→ **WORK INSTRUCTIONS**
The records below are to be returned word for word, with pictures left out.
◇ ◇ ◇
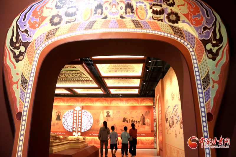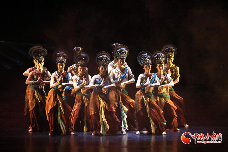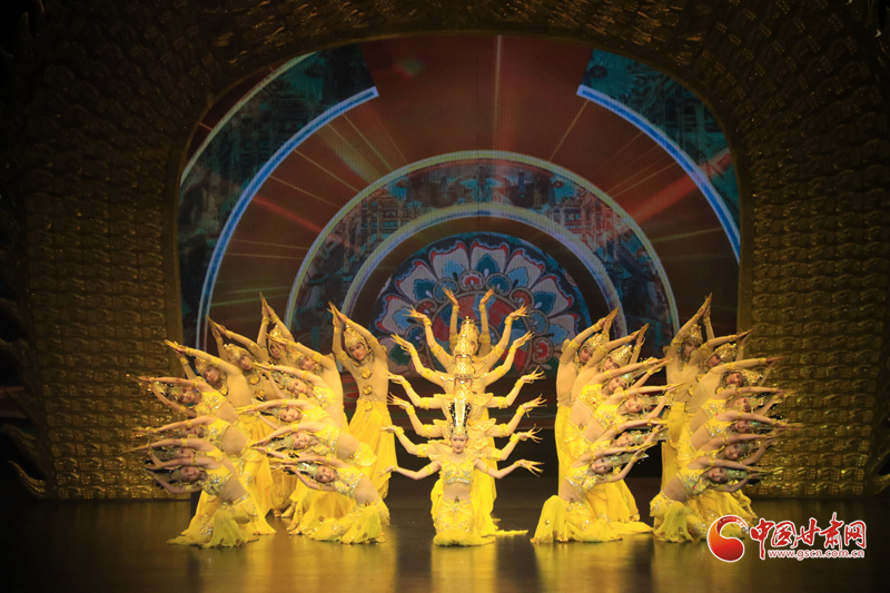 9月10日晚,在甘肅敦煌大劇院,演員在大型情景音畫劇《千手千眼》中表演。
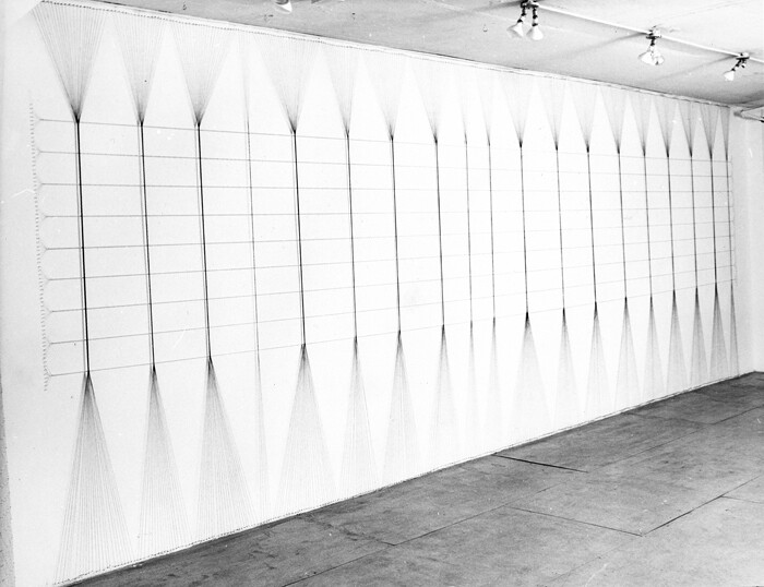 Lawrence Alloway, “Kazuko,” in Kazuko Miyamoto (Berlin: Exile Berlin, 2013), 14. Originally published on the occasion of Miyamoto’s solo exhibition at Ginza Kaigakan Gallery, Tokyo, 1977. It must be noted that Sol LeWitt’s Wall Drawing #815 (1997) is constructed upon a system of strings nailed to the wall, in what can be read as an homage to Miyamoto’s art.
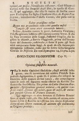 ![P^cra la Dèa-fruttìfera, e raccolto ■ Dì Cerere il frumentoè diti’Egitto Io detta con le corna. » Diodoro adunque nel libro fello parlando del primo ritrovamento dell’ufo del frumento in Sicilia da Cerere accennato, dice quelle parole: ove parla della protetto¬ ne della Sicilia tutta fiotto la Dea Cerere , e Prole rp in a, fua figliuola *X raduni Siculi ducla ex antiqua a proge¬ nitori ous fama Siciliani Cereri, ac P r oferp inò fa era u effe . Has jimul Deas primura in Sicilia vijas , inque ea primo fr urne mura terr# ho ni tate or tura : f cut & clarij- Jìraus te fatar P oeta\ inquìes ora ni a ibi fua sponte terrà pro¬ ducete * In agro Le omino, multifque pr mere a Sitili ò hcis% etiara nane triticura ugrtfe oriti » E conchiude poibia nel fine » Denìque fi queeritur ante frumenti ùfura , ubi primari id re per tura ji /y me r ito ejus rei laus Siti tiò tri- bueretur, Ed il mede imo Diodoro replicando P iftéf- fo nel libro fello confermò : Horaims , qui eara grati fufceperuut , tanquarn benefica memorerà frumenti e- docuiffe ufura , in queis primi propter fuam erga Deam huraanìtciterà pof Siculos fuere Atkenienfes . ] Onde da tutti i Siciliani in honor di Cerere, e Proierpina, furo¬ no inftituiti facrificii? e folenniilime felle, e cerimonie per haver ella ritrovato un’invelinone tant’ utile , e necefia- ria all’humano foftenta mento ; onde foggiunfe Diodoro: At Siculi Cererii9 Proferpinòque erga eos ìndulgentia moti > ut qui bus frumenti ufus pi ira afa innovilifiet, atri- que e avara fiera cerimonia] que diverfo anni tempore in- fituere p Di quell’ inventione di Cerere ne fa mentane Cicerone neli’attione quinta contro Verte lìb* 4. O/7//.9. ©ve dice : P/etus eji hòc opinibj J/Mices, qua confai ex antiq uìjfmis Grò cor urti htteris, atque rnonuraentìs Infu- farà Siti ti ara tot ara effe Cereri, & Libera Corifee? at dm • pi oc cura c&terò gentes pie arbitrantur , tura ipps Sicuhs tara per fu afura e[l, ut unirais e epura taf tura, atque in- natura effe vi de ut tir « /Vara y& natas effe has in bis lo- cis Utas-i & fruges in e a terra primura repertas arbitran¬ tur • Da qui ne venne quel celebre proverbio appretto A a gli](https://iiif.wellcomecollection.org/image/b30518659_0019.jp2/full/800%2C/0/default.jpg)
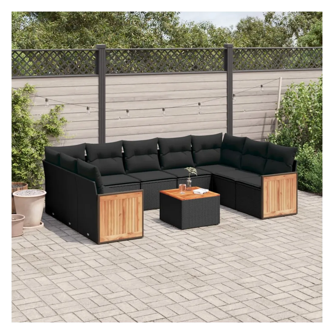 Salon de jardin 10 pcs avec coussins noir résine tressée
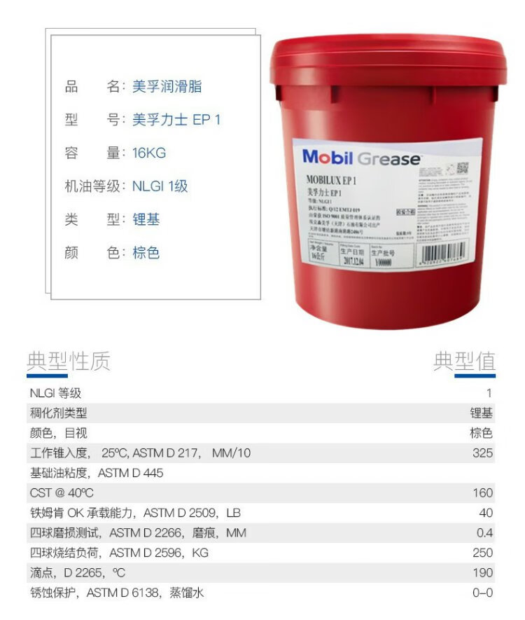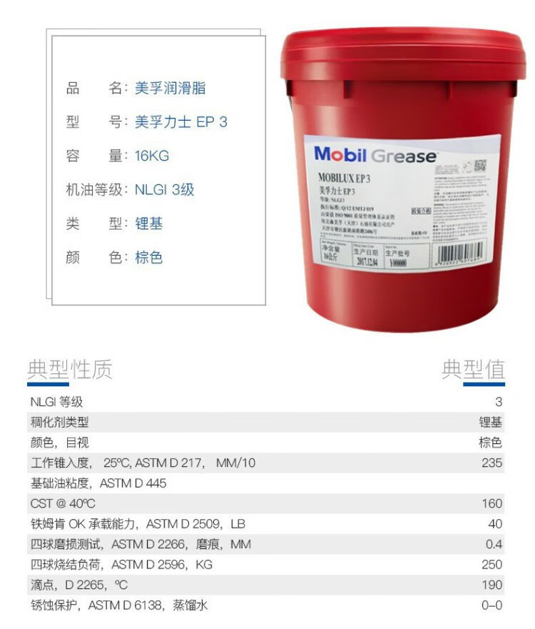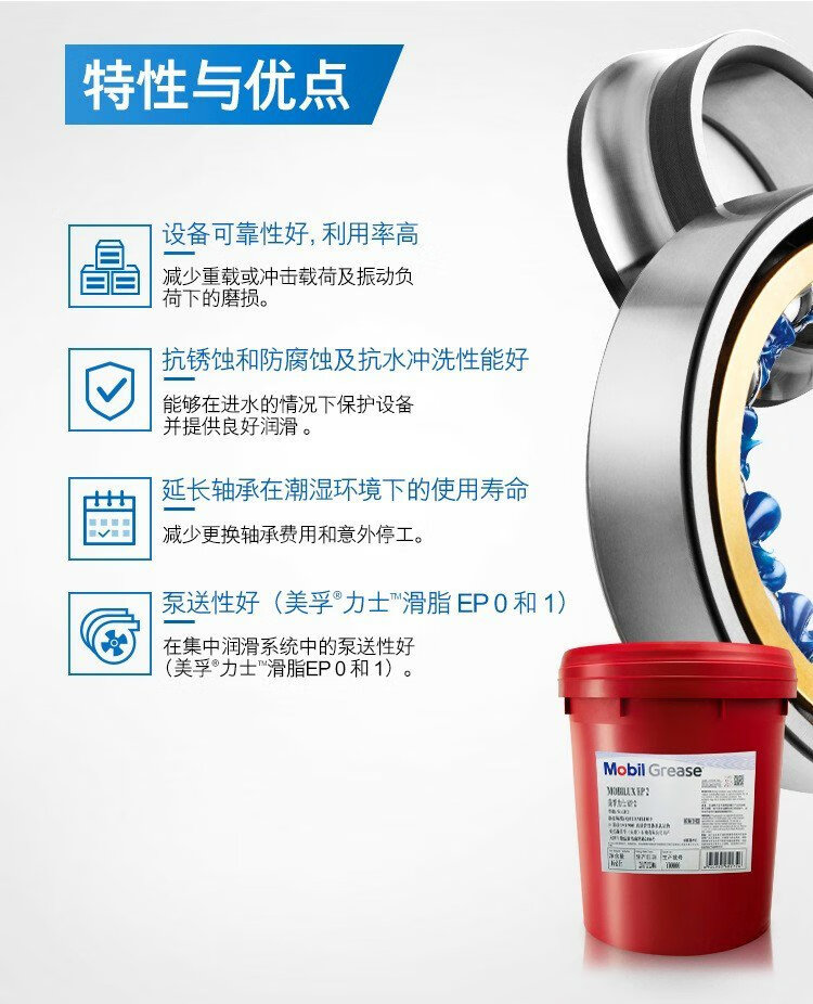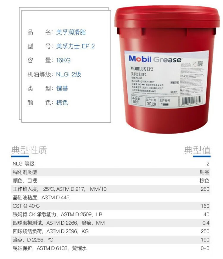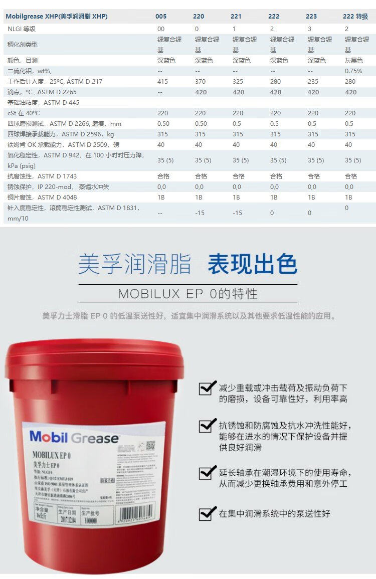 Butter grease EP0123 No. XHP222 Lux lubricant Mobil 16 kg bearing universal lithium grease high temperature wear-resistant Mobil high temperature grease XHP222 (180KG) blue
◇ ◇ ◇
→ **EXERCISE SOLUTION**
 9月10日晚,在甘肅敦煌大劇院,演員在大型情景音畫劇《千手千眼》中表演。
 Lawrence Alloway, “Kazuko,” in Kazuko Miyamoto (Berlin: Exile Berlin, 2013), 14. Originally published on the occasion of Miyamoto’s solo exhibition at Ginza Kaigakan Gallery, Tokyo, 1977. It must be noted that Sol LeWitt’s Wall Drawing #815 (1997) is constructed upon a system of strings nailed to the wall, in what can be read as an homage to Miyamoto’s art.
 ![P^cra la Dèa-fruttìfera, e raccolto ■ Dì Cerere il frumentoè diti’Egitto Io detta con le corna. » Diodoro adunque nel libro fello parlando del primo ritrovamento dell’ufo del frumento in Sicilia da Cerere accennato, dice quelle parole: ove parla della protetto¬ ne della Sicilia tutta fiotto la Dea Cerere , e Prole rp in a, fua figliuola *X raduni Siculi ducla ex antiqua a proge¬ nitori ous fama Siciliani Cereri, ac P r oferp inò fa era u effe . Has jimul Deas primura in Sicilia vijas , inque ea primo fr urne mura terr# ho ni tate or tura : f cut & clarij- Jìraus te fatar P oeta\ inquìes ora ni a ibi fua sponte terrà pro¬ ducete * In agro Le omino, multifque pr mere a Sitili ò hcis% etiara nane triticura ugrtfe oriti » E conchiude poibia nel fine » Denìque fi queeritur ante frumenti ùfura , ubi primari id re per tura ji /y me r ito ejus rei laus Siti tiò tri- bueretur, Ed il mede imo Diodoro replicando P iftéf- fo nel libro fello confermò : Horaims , qui eara grati fufceperuut , tanquarn benefica memorerà frumenti e- docuiffe ufura , in queis primi propter fuam erga Deam huraanìtciterà pof Siculos fuere Atkenienfes . ] Onde da tutti i Siciliani in honor di Cerere, e Proierpina, furo¬ no inftituiti facrificii? e folenniilime felle, e cerimonie per haver ella ritrovato un’invelinone tant’ utile , e necefia- ria all’humano foftenta mento ; onde foggiunfe Diodoro: At Siculi Cererii9 Proferpinòque erga eos ìndulgentia moti > ut qui bus frumenti ufus pi ira afa innovilifiet, atri- que e avara fiera cerimonia] que diverfo anni tempore in- fituere p Di quell’ inventione di Cerere ne fa mentane Cicerone neli’attione quinta contro Verte lìb* 4. O/7//.9. ©ve dice : P/etus eji hòc opinibj J/Mices, qua confai ex antiq uìjfmis Grò cor urti htteris, atque rnonuraentìs Infu- farà Siti ti ara tot ara effe Cereri, & Libera Corifee? at dm • pi oc cura c&terò gentes pie arbitrantur , tura ipps Sicuhs tara per fu afura e[l, ut unirais e epura taf tura, atque in- natura effe vi de ut tir « /Vara y& natas effe has in bis lo- cis Utas-i & fruges in e a terra primura repertas arbitran¬ tur • Da qui ne venne quel celebre proverbio appretto A a gli](https://iiif.wellcomecollection.org/image/b30518659_0019.jp2/full/800%2C/0/default.jpg)
 Salon de jardin 10 pcs avec coussins noir résine tressée
 Butter grease EP0123 No. XHP222 Lux lubricant Mobil 16 kg bearing universal lithium grease high temperature wear-resistant Mobil high temperature grease XHP222 (180KG) blue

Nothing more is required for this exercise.